Rustenburg communities want ConCourt to set aside Sibanye’s Lonmin takeover

Workers walk past a Lonmin Marikana platinum mine, a site that represents industrial strife in South Africa. Picture: Reuters/Skyler Reid

Workers walk past a Lonmin Marikana platinum mine, a site that represents industrial strife in South Africa. Picture: Reuters/Skyler Reid

They say the merger was approved without the department of mineral resources having approved a social labour plan (SLP) on a large merger.

The Greater Lonmin Community (GLC) have approached the Constitutional Court seeking leave to appeal and set aside the acquisition of platinum mining company, Lonmin Plc by Sibanye-Stillwater.

The GLC is a not-for-profit organisation representing various affected communities of Rustenburg, such as Marikana, Mooinooi, Majakeng, Tornado, Nkaneng, and Bapo ba Mogale community.

Sibanye’s offer to acquire the entire issued and to-be-issued ordinary share capital of Lonmin, subject to certain specific conditions, for around R5.2 billion, became effective on 10 June after 18 months of talks and litigation.

In May, the Competition Appeals Court (CAC) upheld the Competition Tribunal’s decision of 21 November 2018 to approve Sibanye’s offer to acquire Lonmin and thus dismissed the appeal by Association of Mineworkers and Construction Union (Amcu).

Basically, the GLC wants the court to declare section 17 of the Competition Act unconstitutional and declare the merger of Sibanye and Lonmin irregular.

The GCL says the merger was approved without the department of mineral resources having approved a social labour plan (SLP) on a large merger.

In court papers filed by Khanyile MB Attorneys Inc on Thursday, GLC argues that the Competition Tribunal erred in approving the merger with conditions, without proper investigation of Lonmin’s SLP, which was in the process of being amended at the time.

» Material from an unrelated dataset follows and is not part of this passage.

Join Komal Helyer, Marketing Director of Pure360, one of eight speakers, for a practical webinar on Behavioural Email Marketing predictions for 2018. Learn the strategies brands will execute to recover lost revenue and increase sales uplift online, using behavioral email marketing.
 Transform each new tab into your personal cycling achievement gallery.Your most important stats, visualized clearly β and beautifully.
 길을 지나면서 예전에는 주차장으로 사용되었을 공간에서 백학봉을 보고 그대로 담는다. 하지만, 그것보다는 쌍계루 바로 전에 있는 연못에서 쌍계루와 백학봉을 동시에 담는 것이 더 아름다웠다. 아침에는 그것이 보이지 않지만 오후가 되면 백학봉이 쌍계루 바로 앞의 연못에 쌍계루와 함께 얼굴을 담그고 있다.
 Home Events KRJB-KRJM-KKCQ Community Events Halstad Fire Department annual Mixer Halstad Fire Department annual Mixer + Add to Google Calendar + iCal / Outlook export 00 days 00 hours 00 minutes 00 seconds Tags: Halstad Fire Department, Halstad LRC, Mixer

It argues that the Competition Commission approved the merger without a proper investigation and all documents needed for approval submitted as per section 11 of the Mineral Petroleum Resources Development Act.

The organisation goes back to the acknowledgement made by the Farlam Commission that Lonmin’s failure to fulfill its obligations to the SLP was a contributing factor that gave rise to the Marikana massacre of 2012, and that that report has never been taken on review by Lonmin.

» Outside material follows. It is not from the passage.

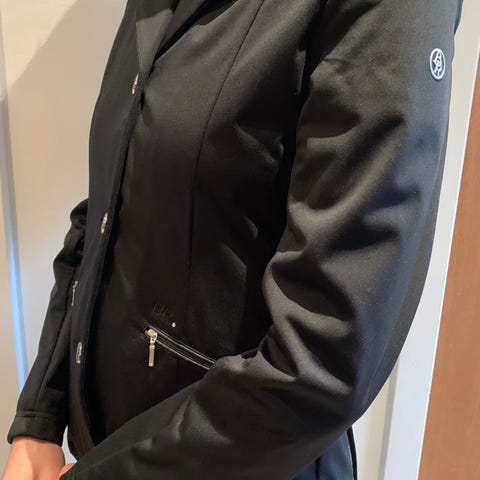 Jakken har en tætsiddende pasform med knaplukning foran og dekorative detaljer. Materialet er strækbart for komfort under ridning.
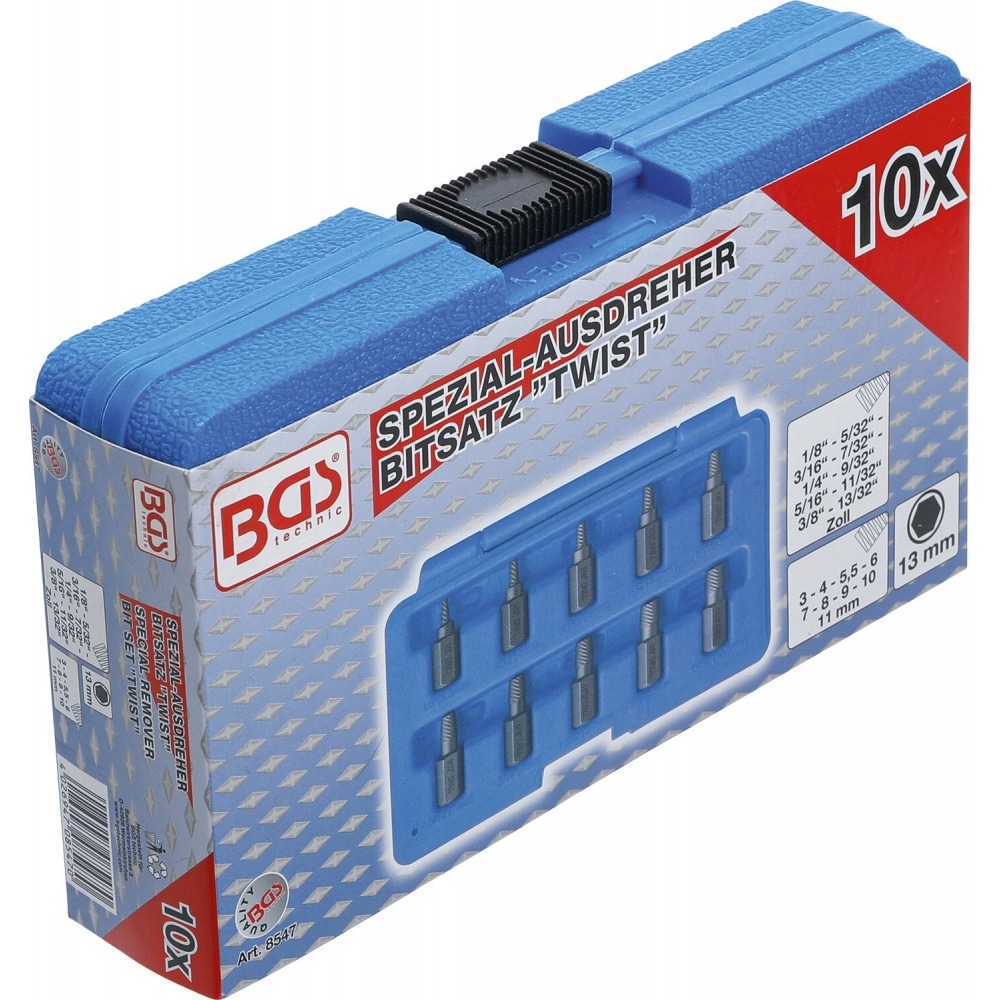 - extractor bits with hexagon drive in following sizes 3 – 4 – 5.5 – 6 – 7 – 8 – 9 – 10 – 11 mm

The GLC also argues that the CAC judgement was inconsistent with international law on the right of the third party who is directly affected by the merger conditions to appeal a merger decision.

The organisation has filed a notice of motion for leave to appeal and an application for condonation, arguing that they had missed the deadline to file papers for leave to appeal due to the fact that raising legal fees took time as the GLC is a self-funded community-based organisation.

The respondents in the matter have been listed as the Competition Tribunal, Sibanye, Lonmin, Mining Forum of SA, NGO formed by women in Marikana Sikhala Sonke, the Competition Commission and the minster of mineral resources and energy.

If the Constitutional Court hears the matter and grants a declaratory order, it could throw a spanner in the works for Sibanye and Lonmin after having worked so insistently to get regulatory approvals and see the deal through.

Sibanye has declined to comment on the matter, with spokesperson James Wellsted saying: “No comment from our side.”